Peki çıktık da ne oldu? O zaman dünya niye bu halde, niye böyle bombalar patlıyor duruyor, niye var bu kaos. Elbette ki bu resmin farklı açılardan farklı boyutları var. İlahi düzen içinde her birisinin de yeri vardır eminim. Fakat ben işin siyasi, politik boyutlarını değerlendirebilecek yetkinlikte değilim. Ben kendi bilebildiğim açıdan resmi nasıl gördüğüme dair bildiklerimi sizlerle paylaşabilirim ancak. Diğer bakış açılarını da o konuları iyi bilenlerden öğreniyorum. Bugüne kadar ruhsal konularla içiçe olduğum için, yaşadığımız sürecin ruhsal boyutuna dair hissettiklerimi paylaşmak istiyorum.
Hatırlarsanız bir 2012 vardı, geçti gitti ve unutuldu. Ama bununla birlikte aslında 2012’de yaşanacağı söylenen şeylerin hepsi de bir bir gerçekleşiyor. 2012, bir kıyametti, yani kıyam etmek, yani uyanıştı. Uyanış ve hatırlama süreci halen devam ediyor. Şu günlerde de yepyeni bir ruhsal bilincin eşiğindeyiz. Fakat bunun için çok önemli bir bilgiyi yeniden hatırlamamız, daha doğrusu bu konuya bakışımızı güncellememiz gerekiyor ki bu, ölüm.
Beki’nin aramızdan ayrılışının biçimi ruhsal konularda çalışanlarda ciddi bir tetiklenmeye sebep oldu. Bununla birlikte zaten ülkede üstüste yaşanan bombalamalar bunun üzerine dengemizi alt üst etti. Şu anda hepimizin içinde diplerde duran ölüm korkusu yüzeyde. Hepimiz endişe içindeyiz, çünkü ölüm her an kapımızı çalabilir korkusu yaşıyoruz. Ama korktuğumuz aslında ölümden öte, ölümü bilinçsizce yaşamak. Ben de bu noktaya geldim ve orada önce sevgili Meryem’in yazısı, sonra sevgili Begüm’den aldığım ölüm kapıları bilgisi ve kendi içsel gözlemlerim, ölüme dair bir resim çizdi ki bunun hepsini birden yazmak bu yazıyı daha da uzatır. Ama özetle şu dönemde ilahi düzen bizlerde ölüme dair olan algıyı değiştirme, daha doğrusu ona bilinç getirme potansiyeli sunuyor bize. Çünkü korktuğumuz zamanı gelmeden, bilinçsizce bir ölüm. Sevgili Meryem bunu şöyle örneklemiş. Bir eviniz var ve artık taşınma zamanınız gelmiş, yepyeni bir evin zamanı. Bunu bilerek isteyerek yapmak var, bir de çeşitli sebeplerle sevdiğiniz evden zorla ve aniden çıkartılmanız var.
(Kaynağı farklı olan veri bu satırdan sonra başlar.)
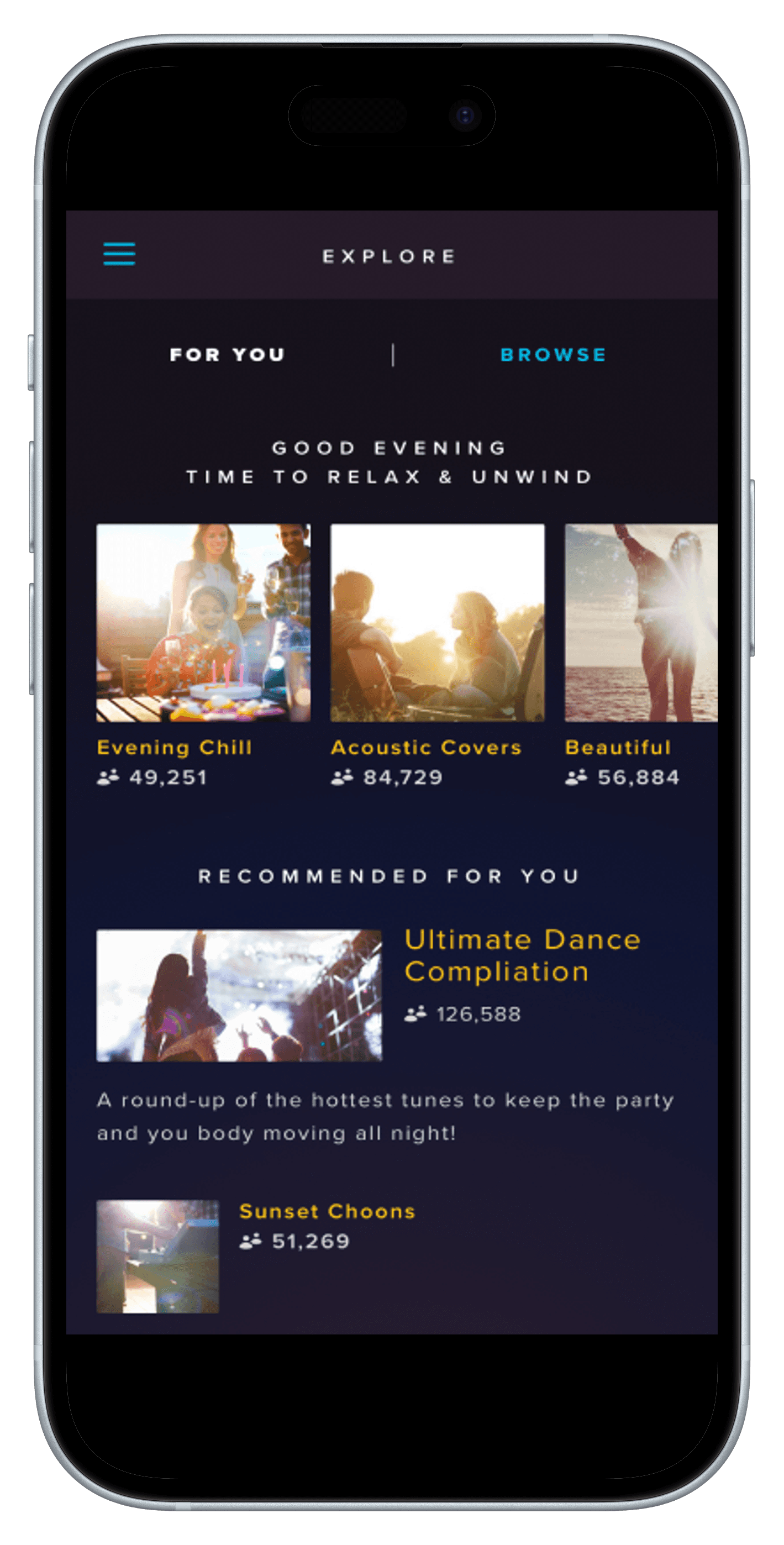 Album covers were presented as a vinyl, with a radial-grooved overlay used to simulate a realistic appearance. Unfortunately, I haven't been able to export a video with the groove details looking obvious. Works well in the app though.

Ölümün ev taşımaktan farkı yok. Buradan oraya geçiyorsunuz. Ama bilinçsiz ölüm, yani zamanı gelmeden zorla taşınmaktan korkuyoruz biz. Esasında bunun altında da bilinçsizce ölüme çekilmek var. Yani görünürde yaşamak isterken, bilinçaltında buralardan gitme isteğimiz. Çünkü korktuğumuz şeye aslında çekiliriz de…
Peki ben bunları öğrenip de ne yapıyorum şu günlerde. Öncelikle sükunette kalmaya çalışıyorum. Bu en zoru belki de ama bunu şöyle yapabildiğimi fark ettim. Kendimi bir enstrüman gibi düşünüyorum ve akordumun bozulduğunu hissedip, kendimi akordunun düzgün olduğu kişilere ayarlıyorum. Onları imgeliyorum. Mesela Mevlana, Buddha gibi insanlık tarihinin bilgelerini veya hayatımda tanıdığım güzel insanları gözümün önüne getirip, onların zihniyle bütün olduğumu imgeliyorum. O zaman bir sakinlik geliyor bana. Sevgili Hocam Mualla Güven derdi bize, içinizde endişe olduğunda beni düşünün diye. Şimdi anlıyorum bunu. Elbette ki en güzeli kendi içimizdeki güçle akord olmak, fakat bazen dengemiz bozuluyor ki böyle bir aracı iyi oluyor. Zaten sakinleşince de kendime bağlanabiliyorum. Dedim ya gitarını akord etmek gibi bu.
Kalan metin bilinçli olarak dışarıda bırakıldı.